Today we celebrate the birthdays of German composer Johannes Brahms (1833) and Russian composer Pytor Ilyich Tchaikovsky (1840). It's also the anniversary of Ludwig van Beethoven's world premiere of his Ninth Symphony (1824).
Wow! Big day in musical history, huh?
Let's take these in order:
1824 – Beethoven's Ninth Symphony played for the first time!
Remember, Beethoven didn't take a lot of time and trouble to name his musical works. This particular symphony's actual name is Symphony No. 9 in D minor, Op. 125. This was Beethoven's final complete symphony, and it is considered one of the best-known and greatest musical compositions ever written.
Have you ever heard this bit, called Ode to Joy?
1833 – Johannes Brahms born in Germany.
Because Brahms was German, like Beethoven, many people considered him Beethoven's successor. I imagine that this made Brahms feel a little insecure—how do you live up to greatness?—and, according to Classics for Kids, he resisted writing a symphony for years because he was “afraid his work would not be as good.” Eventually he got over his fear and produced four symphonies, and Brahms is often included with Bach and Beethoven in the “Three Bs.”
You may have heard Brahms' Lullaby.
1840 – Pytor (Peter) Ilich Tchaikovsky born in Russia.
As a kid, Peter Tchaikovsky was a good musician.
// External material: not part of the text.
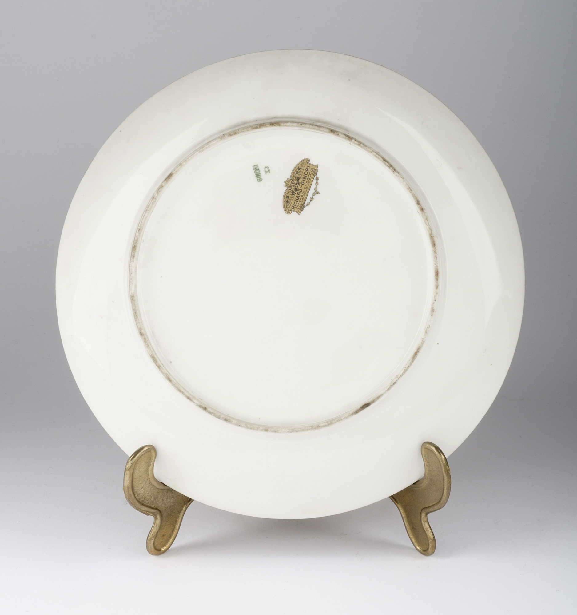 Piatto decorativo con larga fascia in oro con gigli a rilievo. Al centro scena mitologica dipinta con quattro sirene al bagno tra fiori di ninfea. Ø cm 23,5. Al verso marchio "GINORI" in verde sotto vernice con lettera "D" (1880-1930) e cartiglio in oro presente su oggetti con decori di particolare pregio eseguiti nella Pittoria di Doccia (1900-1930). (1) Ottima conservazione.
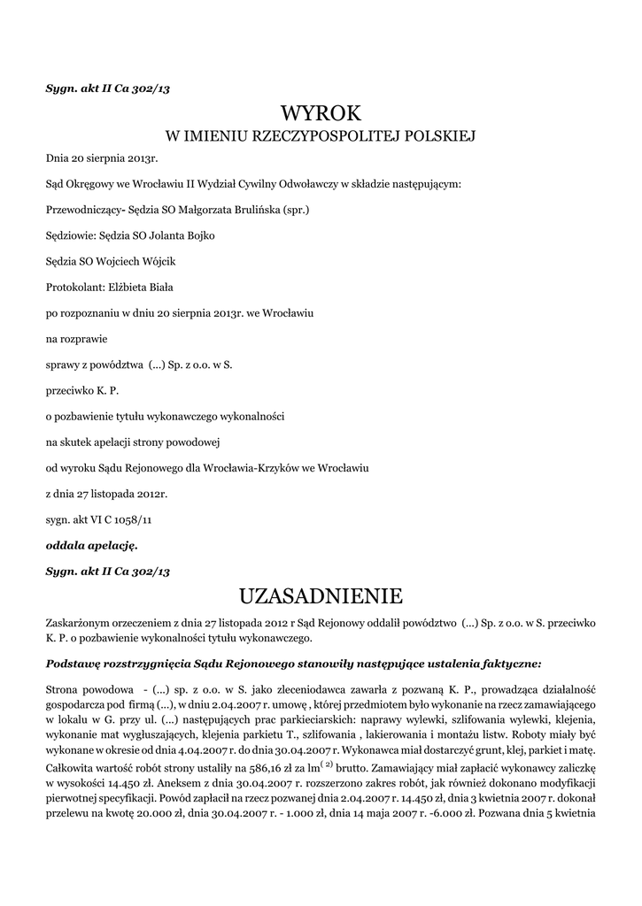 Sygn. akt II Ca 302/13 WYROK W IMIENIU RZECZYPOSPOLITEJ POLSKIEJ Dnia 20 sierpnia 2013r. Sąd Okręgowy we Wrocławiu II Wydział Cywilny Odwoławczy w składzie następującym: Przewodniczący- Sędzia SO Małgorzata Brulińska (spr.) Sędziowie: Sędzia SO Jolanta Bojko Sędzia SO Wojciech Wójcik Protokolant: Elżbieta Biała po rozpoznaniu w dniu 20 sierpnia 2013r. we Wrocławiu na rozprawie sprawy z powództwa (...) Sp. z o.o. w S. przeciwko K. P. o pozbawienie tytułu wykonawczego wykonalności na skutek apelacji strony powodowej od wyroku Sądu Rejonowego dla Wrocławia-Krzyków we Wrocławiu z dnia 27 listopada 2012r. sygn. akt VI C 1058/11 oddala apelację. Sygn. akt II Ca 302/13 UZASADNIENIE Zaskarżonym orzeczeniem z dnia 27 listopada 2012 r Sąd Rejonowy oddalił powództwo (...) Sp. z o.o. w S. przeciwko K. P. o pozbawienie wykonalności tytułu wykonawczego. Podstawę rozstrzygnięcia Sądu Rejonowego stanowiły następujące ustalenia faktyczne: Strona powodowa - (...) sp. z o.o. w S. jako zleceniodawca zawarła z pozwaną K. P., prowadząca działalność gospodarcza pod firmą (...), w dniu 2.04.2007 r. umowę , której przedmiotem było wykonanie na rzecz zamawiającego w lokalu w G. przy ul. (...) następujących prac parkieciarskich: naprawy wylewki, szlifowania wylewki, klejenia, wykonanie mat wygłuszających, klejenia parkietu T., szlifowania , lakierowania i montażu listw. Roboty miały być wykonane w okresie od dnia 4.04.2007 r. do dnia 30.04.2007 r. Wykonawca miał dostarczyć grunt, klej, parkiet i matę. Całkowita wartość robót strony ustaliły na 586,16 zł za lm( 2) brutto. Zamawiający miał zapłacić wykonawcy zaliczkę w wysokości 14.450 zł. Aneksem z dnia 30.04.2007 r. rozszerzono zakres robót, jak również dokonano modyfikacji pierwotnej specyfikacji. Powód zapłacił na rzecz pozwanej dnia 2.04.2007 r. 14.450 zł, dnia 3 kwietnia 2007 r. dokonał przelewu na kwotę 20.000 zł, dnia 30.04.2007 r. - 1.000 zł, dnia 14 maja 2007 r. -6.000 zł. Pozwana dnia 5 kwietnia 2007 r. wystawiła (...) sp. z o.o. w S. fakturę VAT nr (...) na kwotę 430,20 zł na fornir T. i (...) - klej . Strona powodowa dnia 18 grudnia 2006 r. nabyła od (...) Sp. z o.o. w O. W.. tarcice (...) za kwotę 1.237,75 zł, objętą fakturę VAT nr (...). Strona powodowa dnia 22 marca 2007 r. nabyła od W. J. B. w G. teak lity 15x90x450-2000 na kwotę 19.991,47 zł, objęty fakturą VAT nr (...) . K. P. wystawiła dnia 23.07.2007 r. (...) sp. z o.o. w S. fakturę VAT nr (...) na kwotę 13.871,60 zł, w tym za prace wynikające z umowy z 2.04.2007 r. - na 7.822,01 zł i za prace dodatkowe wraz z materiałem i robocizną - na 6.049,59 zł. K. P. wezwała (...) sp. z o.o. w S. do zapłaty należności objętej fakturą (...) pismem z dnia 28.11.2007 r., wysłanym do (...) sp. z o.o. w (...).11.2007 r. (...) sp. z o.o. w S. pismem z dnia 7.12.2007 r. odmówiła zapłaty należności objętej fakturą nr (...). K. P. dnia 24 lipca 2008 r. wniosła do Sądu Rejonowego w Gdyni w sprawie o sygn. akt VI GNc 3786/08 pozew przeciwko (...) sp. z o.o. w S. datowany na 4.07.2008 r., domagając się zapłaty kwoty 13.871,60 zł z tytułu umowy z dnia 2.04.2007 r. aneksowanej dnia 30.04.2007 r. i wystawionej faktury VAT nr (...) z dnia 23.07.2007 r., wraz z kosztami procesu, w tym kosztami zastępstwa prawnego wedle norm przepisanych. Sąd Rejonowy w Gdyni dnia 20.10.2008 r. w sprawie sygn. akt VI GNc 3786/08 wydał nakaz zapłaty w postępowaniu upominawczym zasądzając na rzecz K. P. od (...) sp. z o.o. w S. kwotę 13.871,60 zł tytułem należności głównej oraz 2.591 zł tytułem kosztów procesu. Przesyłka nadana do (...) sp. z o.o. w S. zawierająca nakaz została dwukrotnie awizowana na poczcie. Dnia 16 stycznia 2009 r. nakazowi temu nadana została klauzula wykonalności. (...) sp. z o.o. w S. dnia 19 marca 2009 r. wniosła do Sądu Rejonowego w Gdyni wniosek o przywrócenie terminu do wniesienia sprzeciwu od nakazu zapłaty, jednocześnie wnosząc sprzeciw, w którym podniosła zarzut zapłaty kwoty 41.880,20 zł. Postanowieniem z dnia 28 maja 2009 r. wskazany Sąd odrzucił wniosek (...) sp. z o.o. w S. o przywrócenie terminu do wniesienia sprzeciwu od powyższego nakazu zapłaty oraz sprzeciw od tegoż nakazu. Powód sporządził dnia 1 stycznia 2011 r. pismo skierowane do pozwanej, w którym wezwał do rozliczenia z zaliczki oraz materiałów przekazanych do realizacji prac parkieciarskich w lokalu przy ul. (...) w G.. Wezwanie wysłano do pozwanej dnia 11.01.2011 r. Komornik sadowy przy SR dla Wrocławia-Krzyków Wojciech Opielewicz pismem z dnia 29.06.2011 r. zawiadomił (...) sp. z o.o. w S. o wszczęciu egzekucji w o oparciu o nakaz zapłaty w postępowaniu upominawczym Sądu Rejonowego w Gdyni z dnia 20.10.2008 r., sygn. akt VI GNc 3786/08, zaopatrzony w klauzulę wykonalności w dniu 16.01.2009 r. Dnia 14 lipca 2011 r. powód sporządził pismo adresowane do pozwanej, a nadane do niej tego samego dnia, w którym wskazał, że w związku z ponownym wszczęciem postępowania egzekucyjnego w oparciu o nakaz zapłaty w postępowaniu upominawczym Sądu R. w G. z dnia 20.10.2008 r., sygn. akt VI GNc 3786/08, wzywa do natychmiastowego złożenia wniosku o umorzenie postępowania egzekucyjnego prowadzonego z wniosku pozwanej z uwagi na zapłatę należności. Powód podniósł w piśmie, że wynagrodzenie za wykonanie umowy zostało zgodnie z umową z 2.04.2007 r. i aneksem z 30.04.2007 r. ostatecznie określone na kwotę 40.001,11 zł brutto, zaś suma przekazanych pozwanej wpłat z tytułu tej umowy wyniosła 41.880,20 zł. Stwierdził, że fakt spełnienia świadczenia stanowi uzasadnioną podstawę powództwa przeciwegzekucyjnego zgodnie z art. 840 § 1 pkt 2 k.p.c. Powód w piśmie z 14 lipca 2007 r. złożył nadto oświadczenie, że w związku z brakiem reakcji na wezwanie do rozliczenia się z zaliczki i materiału danego do realizacji dzieła oświadcza, że zgodnie z

But his parents didn't think that was an “acceptable” profession, and they made him go to law school to prepare for a job in the civil service. He continued to study and work on music on the side. After three years in the civil service, and against his family's wishes, he quit his job and studied music full-time.
A wealthy widow became Tchaikovsky's patroness, sending him money every year so he could concentrate on composing music. She made sure that they would never meet face-to-face, but they exchanged more than a thousand letters over the course of 14 years!
You probably know Tchaikovsky's ballets The Nutcracker (which we can hear in the Disney movie Fantasia), The Sleeping Beauty (which we can hear in the Disney movie of the same name), and Swan Lake. Other super-famous pieces are the 1812 Overture (sometimes called the William Tell Overture or the Lone Ranger song) and Romeo and Juliet.